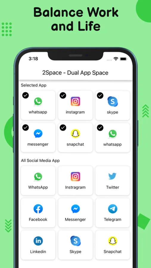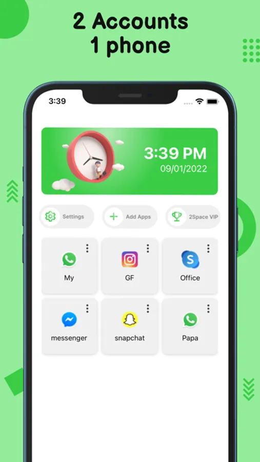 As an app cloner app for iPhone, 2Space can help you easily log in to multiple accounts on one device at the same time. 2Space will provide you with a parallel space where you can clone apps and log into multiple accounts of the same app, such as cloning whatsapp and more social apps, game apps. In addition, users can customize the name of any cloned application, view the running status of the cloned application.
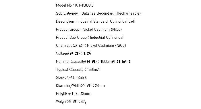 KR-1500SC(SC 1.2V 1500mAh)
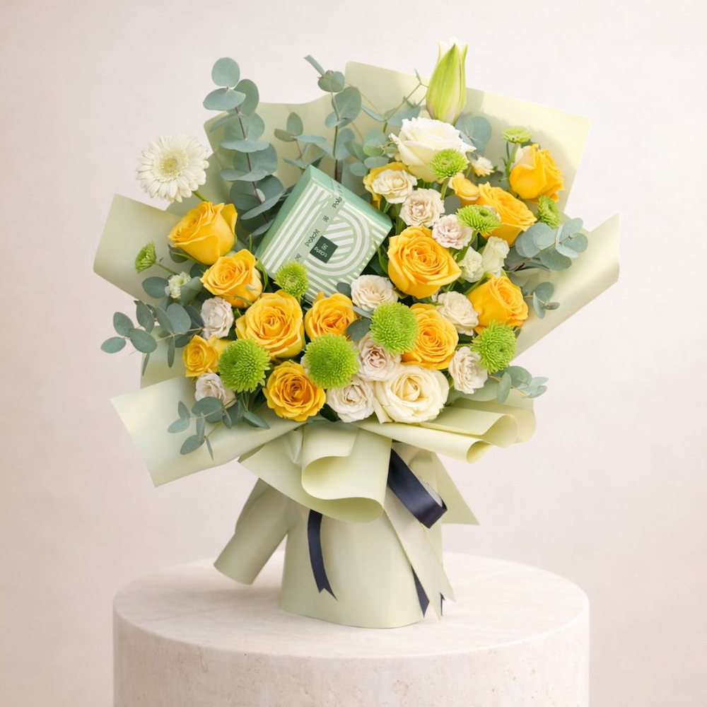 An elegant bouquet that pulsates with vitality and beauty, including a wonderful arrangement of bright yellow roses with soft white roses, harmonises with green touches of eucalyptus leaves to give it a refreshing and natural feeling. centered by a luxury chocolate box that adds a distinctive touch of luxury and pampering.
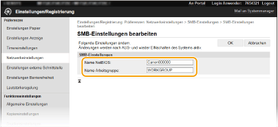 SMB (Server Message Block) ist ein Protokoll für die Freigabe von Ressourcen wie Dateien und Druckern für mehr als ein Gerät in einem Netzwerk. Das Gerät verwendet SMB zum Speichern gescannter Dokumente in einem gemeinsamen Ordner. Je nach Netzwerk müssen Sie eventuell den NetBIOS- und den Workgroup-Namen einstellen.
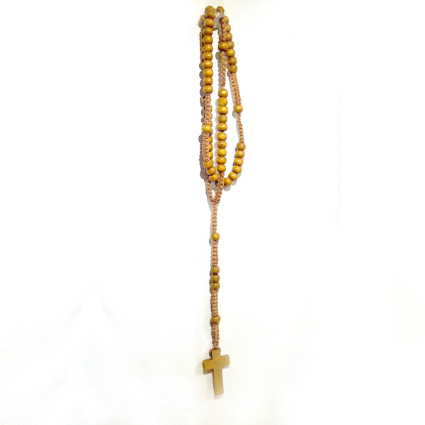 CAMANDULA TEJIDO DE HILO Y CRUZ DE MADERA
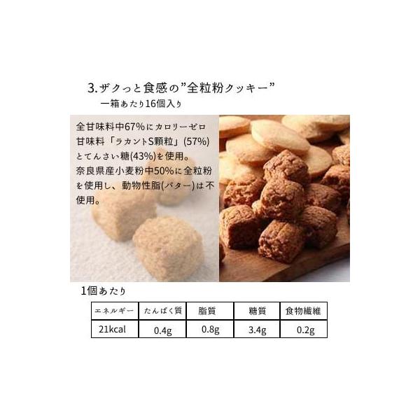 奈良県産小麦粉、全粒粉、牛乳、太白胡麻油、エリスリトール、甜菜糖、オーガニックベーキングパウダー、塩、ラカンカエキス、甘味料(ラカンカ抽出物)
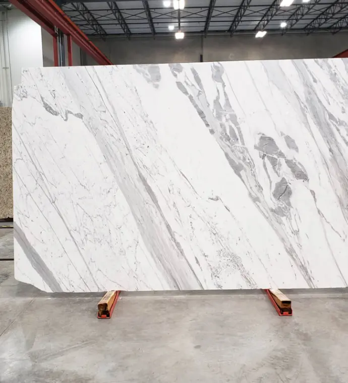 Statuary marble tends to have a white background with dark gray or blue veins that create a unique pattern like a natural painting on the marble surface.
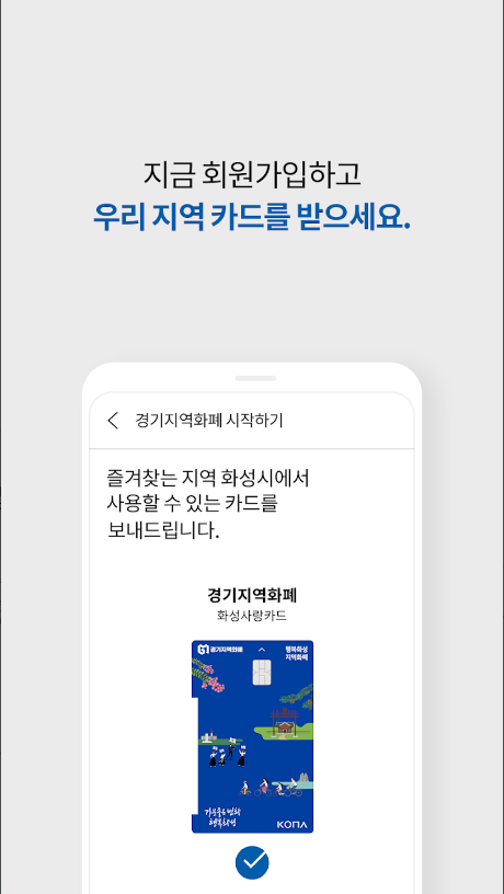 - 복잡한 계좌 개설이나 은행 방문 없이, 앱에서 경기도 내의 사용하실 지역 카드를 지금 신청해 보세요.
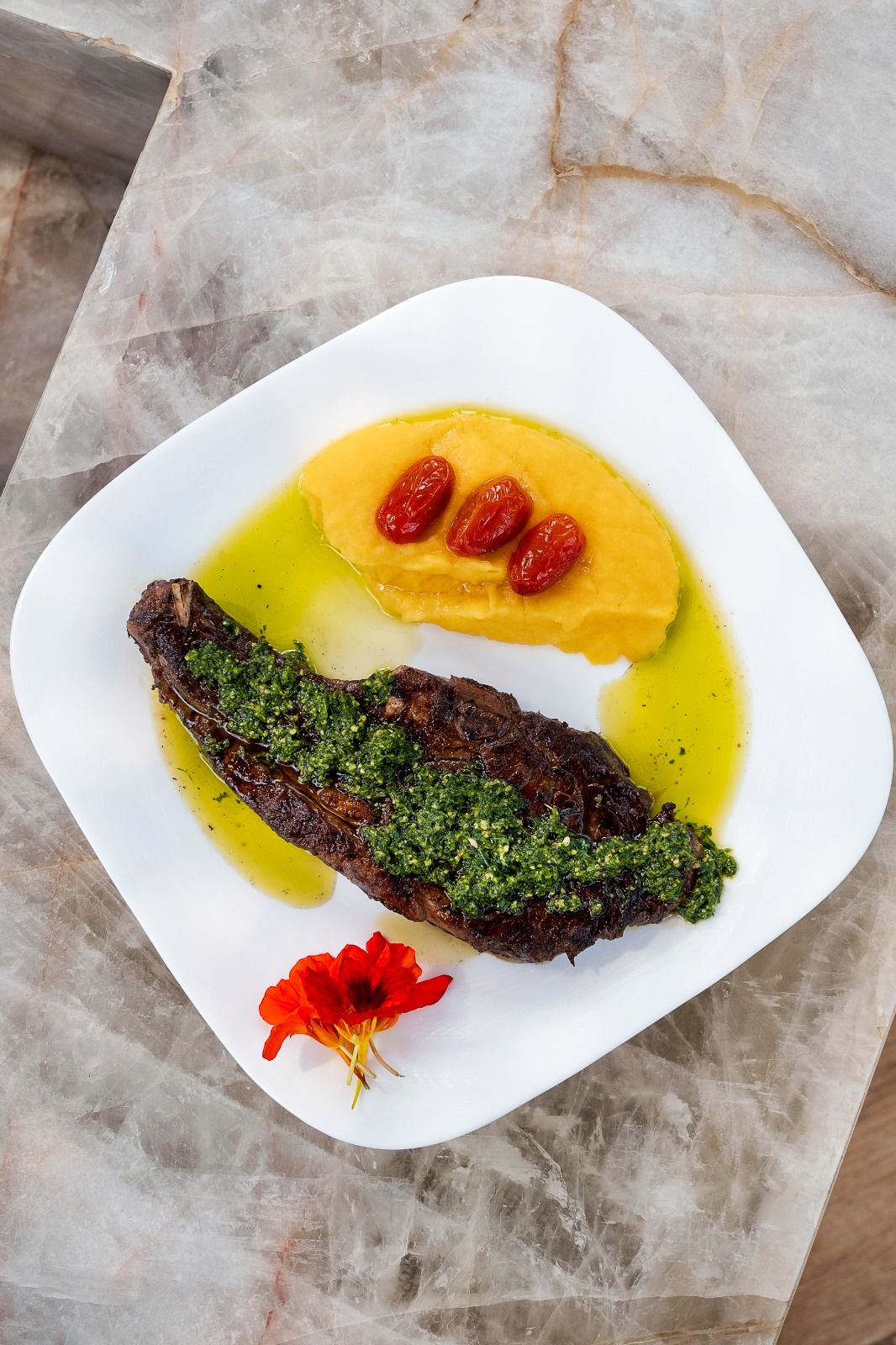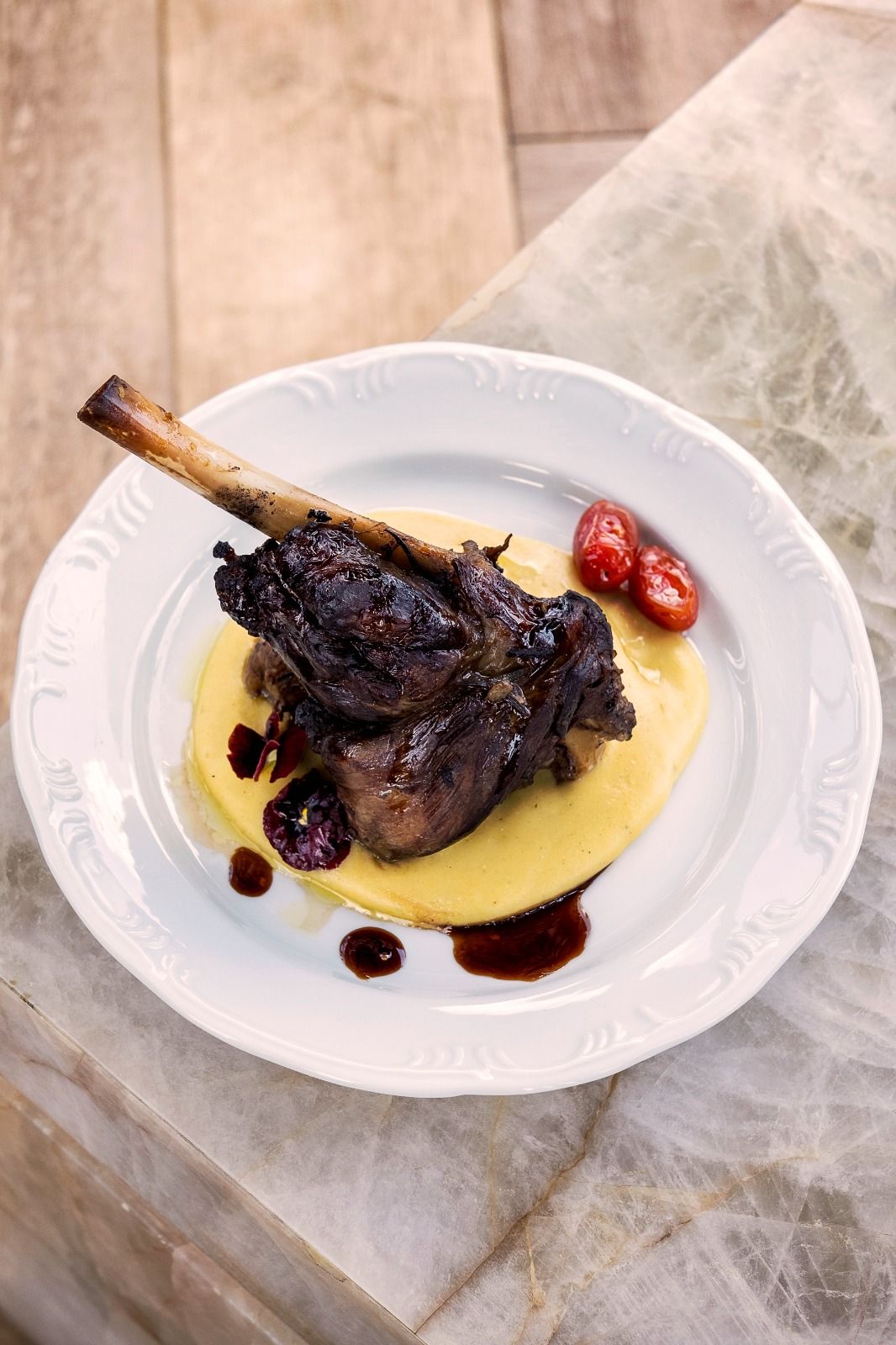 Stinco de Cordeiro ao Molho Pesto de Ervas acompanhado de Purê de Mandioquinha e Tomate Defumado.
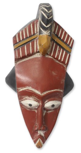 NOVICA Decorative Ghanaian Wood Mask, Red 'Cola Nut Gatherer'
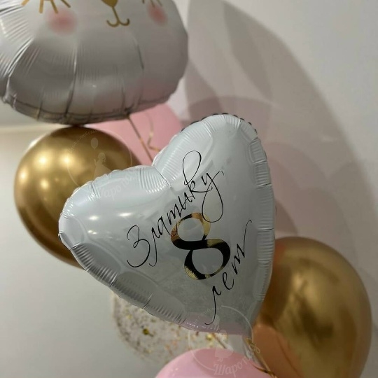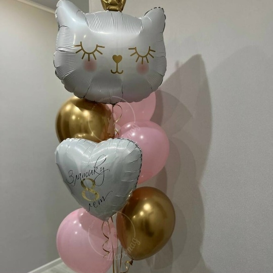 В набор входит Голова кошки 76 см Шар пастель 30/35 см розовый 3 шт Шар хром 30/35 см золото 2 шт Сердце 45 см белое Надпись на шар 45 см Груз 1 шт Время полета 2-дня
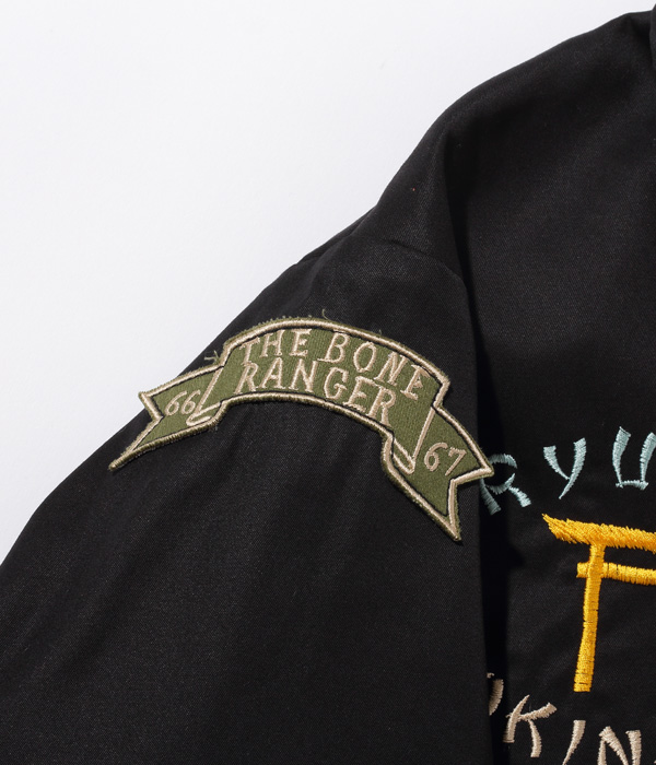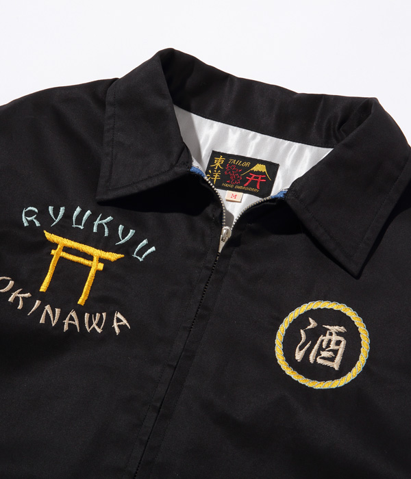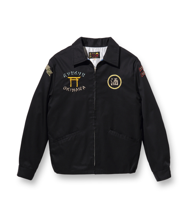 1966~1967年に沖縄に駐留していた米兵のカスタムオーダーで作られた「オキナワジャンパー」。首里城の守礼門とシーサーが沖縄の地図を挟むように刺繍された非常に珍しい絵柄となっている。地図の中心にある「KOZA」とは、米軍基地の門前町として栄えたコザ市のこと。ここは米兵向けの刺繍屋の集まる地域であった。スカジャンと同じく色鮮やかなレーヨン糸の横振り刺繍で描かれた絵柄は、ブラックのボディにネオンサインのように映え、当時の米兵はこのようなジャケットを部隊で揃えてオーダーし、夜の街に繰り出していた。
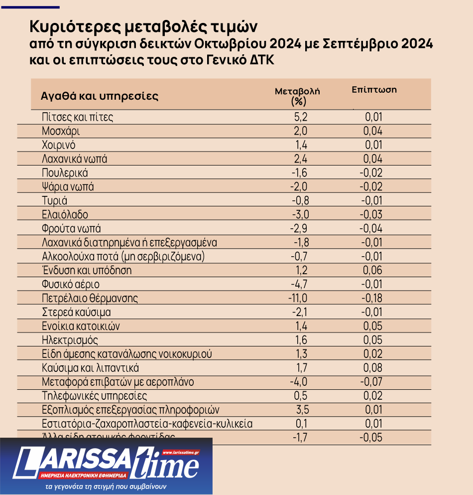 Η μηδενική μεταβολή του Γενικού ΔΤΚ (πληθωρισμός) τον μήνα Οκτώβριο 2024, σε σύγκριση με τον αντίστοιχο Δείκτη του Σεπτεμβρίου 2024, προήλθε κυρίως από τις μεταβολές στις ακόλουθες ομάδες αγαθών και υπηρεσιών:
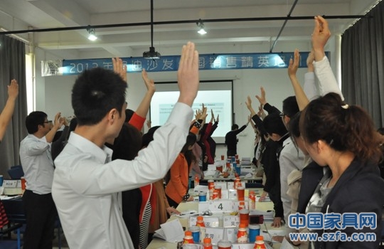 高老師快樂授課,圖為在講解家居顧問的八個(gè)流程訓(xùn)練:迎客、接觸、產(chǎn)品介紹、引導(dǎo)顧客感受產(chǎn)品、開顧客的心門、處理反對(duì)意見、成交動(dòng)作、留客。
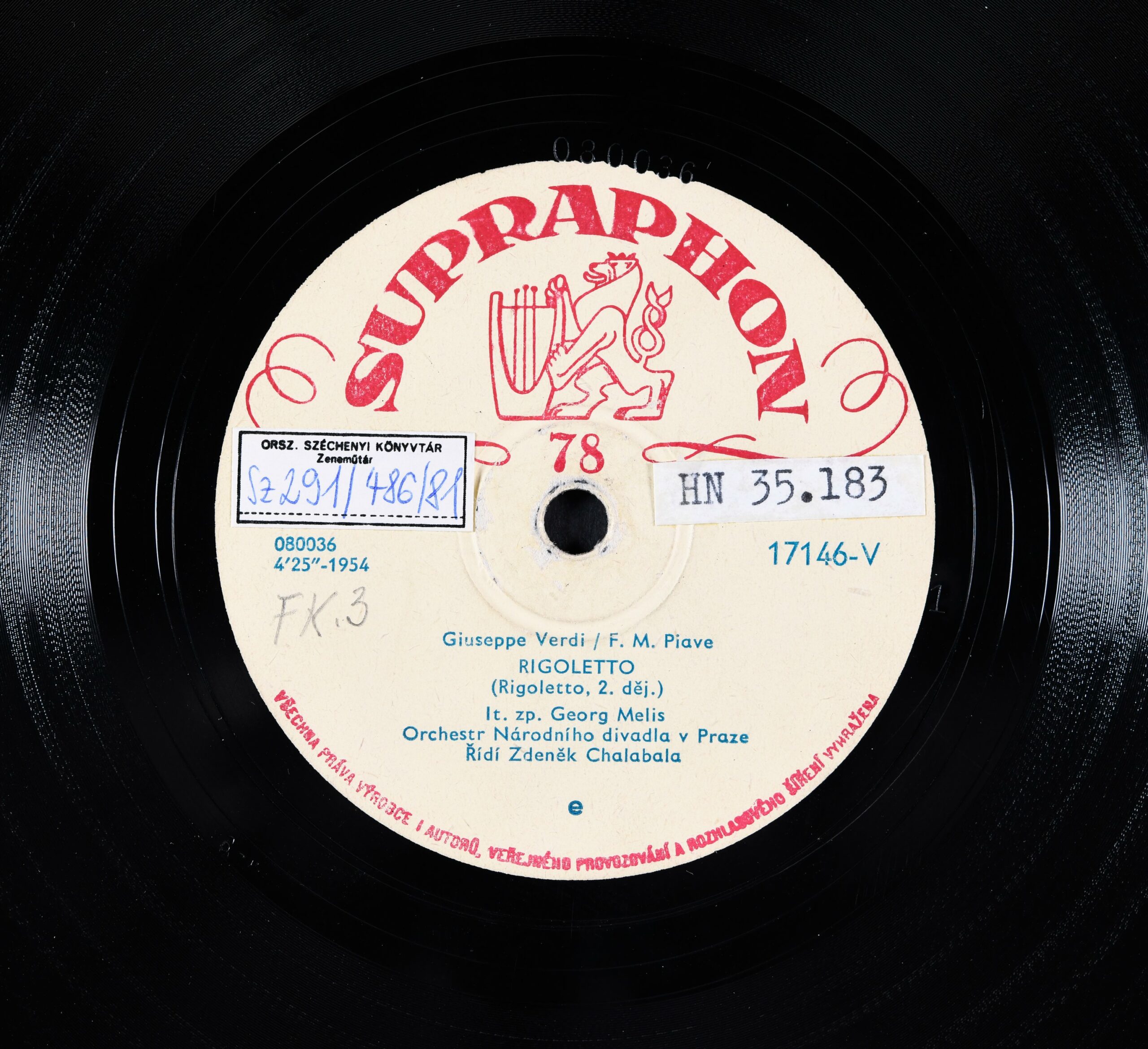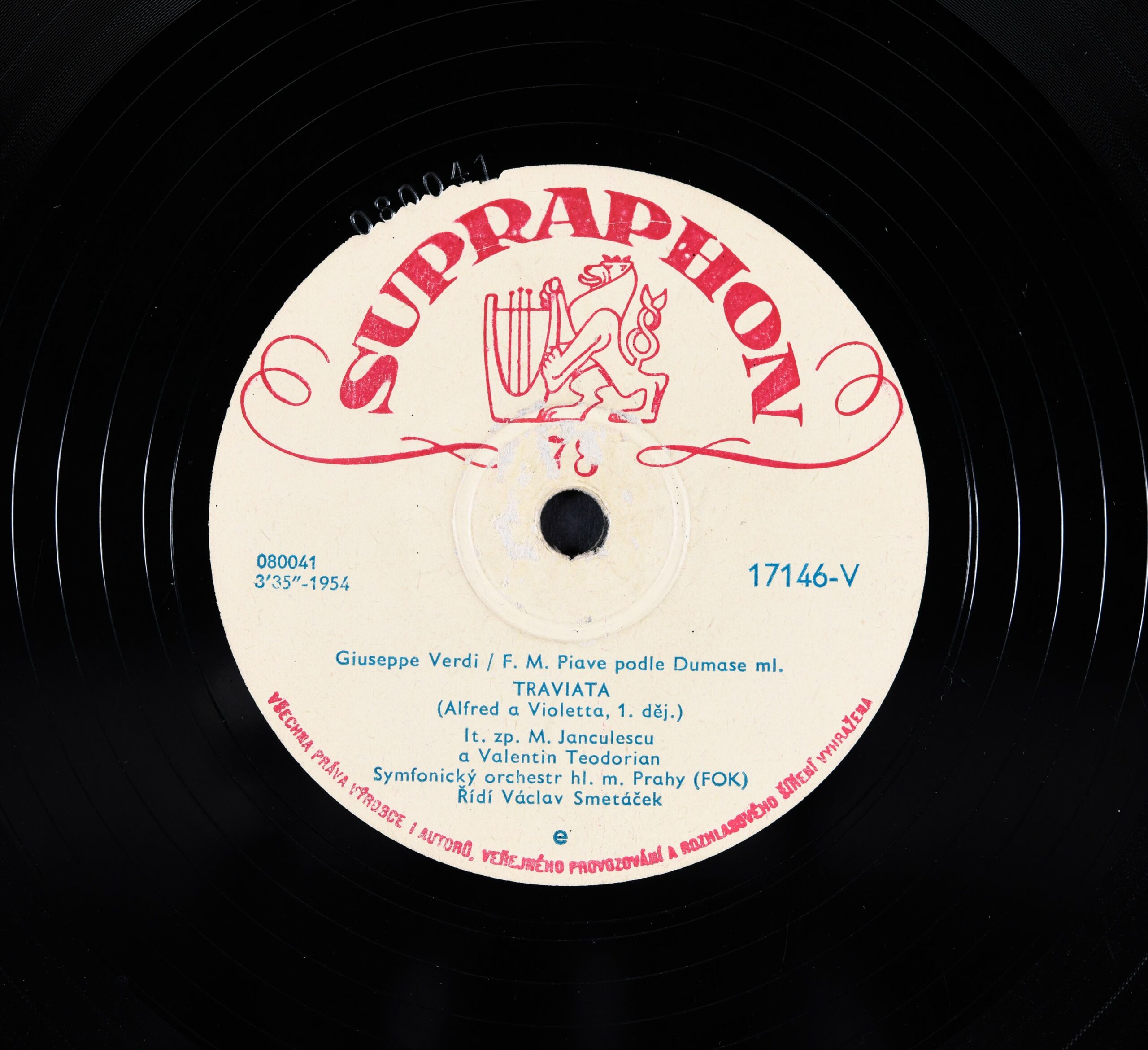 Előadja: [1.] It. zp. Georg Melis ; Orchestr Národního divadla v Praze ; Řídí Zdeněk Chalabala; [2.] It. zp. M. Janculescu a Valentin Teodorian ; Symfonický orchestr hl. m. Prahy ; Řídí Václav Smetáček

******************************

What the exercise asks.
Each line from the one that contains "奈良県産小麦粉、全粒粉、牛乳" down to the one that contains "高老師快樂授課,圖為在講解家" is to be returned exactly as it stands above, both ends included, with pictures removed.

Written answer.
 奈良県産小麦粉、全粒粉、牛乳、太白胡麻油、エリスリトール、甜菜糖、オーガニックベーキングパウダー、塩、ラカンカエキス、甘味料(ラカンカ抽出物)
 Statuary marble tends to have a white background with dark gray or blue veins that create a unique pattern like a natural painting on the marble surface.
 - 복잡한 계좌 개설이나 은행 방문 없이, 앱에서 경기도 내의 사용하실 지역 카드를 지금 신청해 보세요.
 Stinco de Cordeiro ao Molho Pesto de Ervas acompanhado de Purê de Mandioquinha e Tomate Defumado.
 NOVICA Decorative Ghanaian Wood Mask, Red 'Cola Nut Gatherer'
 В набор входит Голова кошки 76 см Шар пастель 30/35 см розовый 3 шт Шар хром 30/35 см золото 2 шт Сердце 45 см белое Надпись на шар 45 см Груз 1 шт Время полета 2-дня
 1966~1967年に沖縄に駐留していた米兵のカスタムオーダーで作られた「オキナワジャンパー」。首里城の守礼門とシーサーが沖縄の地図を挟むように刺繍された非常に珍しい絵柄となっている。地図の中心にある「KOZA」とは、米軍基地の門前町として栄えたコザ市のこと。ここは米兵向けの刺繍屋の集まる地域であった。スカジャンと同じく色鮮やかなレーヨン糸の横振り刺繍で描かれた絵柄は、ブラックのボディにネオンサインのように映え、当時の米兵はこのようなジャケットを部隊で揃えてオーダーし、夜の街に繰り出していた。
 Η μηδενική μεταβολή του Γενικού ΔΤΚ (πληθωρισμός) τον μήνα Οκτώβριο 2024, σε σύγκριση με τον αντίστοιχο Δείκτη του Σεπτεμβρίου 2024, προήλθε κυρίως από τις μεταβολές στις ακόλουθες ομάδες αγαθών και υπηρεσιών:
 高老師快樂授課,圖為在講解家居顧問的八個(gè)流程訓(xùn)練:迎客、接觸、產(chǎn)品介紹、引導(dǎo)顧客感受產(chǎn)品、開顧客的心門、處理反對(duì)意見、成交動(dòng)作、留客。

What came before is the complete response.